■ **Information shown**:

════

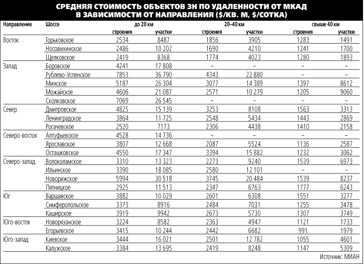 По оценке Натальи Чукаевой, директора департамента маркетингового анализа УК “Масштаб”, по итогам прошлого года земельные участки в зависимости от направления прибавили в цене 70-150%. По данным “МИАН — агентство недвижимости”, средняя стоимость подмосковной сотки на конец декабря 2006 г. составила $8402. Самая дорогая земля — в среднем $36 790 за сотку — традиционно располагается в 20-километровой зоне от МКАД по Рублево-Успенскому шоссе. В 2006 г. сделки, в которых цена сотки превышала $100 000, на Рублевке перестали быть единичными.
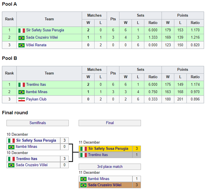 В финале встретились две итальянских команды, и «Перуджа» нанесла поражение «Трентино» в четырех партиях (3:1).
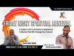 Friday Night Spiritual Renewal, Pastor Alan Alexander , Joy Center El Paso, TX March 11, 2022 View SHARE ON Twitter Facebook Buffer LinkedIn Pin It Leave a Reply Cancel replyYour email address will not be published. Required fields are marked *Comment * Name * Email * Website Δ Continue Reading Tapping Into The Power To Never Feel Powerless Again, Bishop Mikel Brown, Joy Center El Paso, TX Saturday Spiritual Encounter, Pastor Alan Alexander, Joy Center El Paso, Tx

════

■ **Work to complete**: Omit every picture while printing the data word for word.

■ **Exercise result**:
 По оценке Натальи Чукаевой, директора департамента маркетингового анализа УК “Масштаб”, по итогам прошлого года земельные участки в зависимости от направления прибавили в цене 70-150%. По данным “МИАН — агентство недвижимости”, средняя стоимость подмосковной сотки на конец декабря 2006 г. составила $8402. Самая дорогая земля — в среднем $36 790 за сотку — традиционно располагается в 20-километровой зоне от МКАД по Рублево-Успенскому шоссе. В 2006 г. сделки, в которых цена сотки превышала $100 000, на Рублевке перестали быть единичными.
 В финале встретились две итальянских команды, и «Перуджа» нанесла поражение «Трентино» в четырех партиях (3:1).
 Friday Night Spiritual Renewal, Pastor Alan Alexander , Joy Center El Paso, TX March 11, 2022 View SHARE ON Twitter Facebook Buffer LinkedIn Pin It Leave a Reply Cancel replyYour email address will not be published. Required fields are marked *Comment * Name * Email * Website Δ Continue Reading Tapping Into The Power To Never Feel Powerless Again, Bishop Mikel Brown, Joy Center El Paso, TX Saturday Spiritual Encounter, Pastor Alan Alexander, Joy Center El Paso, Tx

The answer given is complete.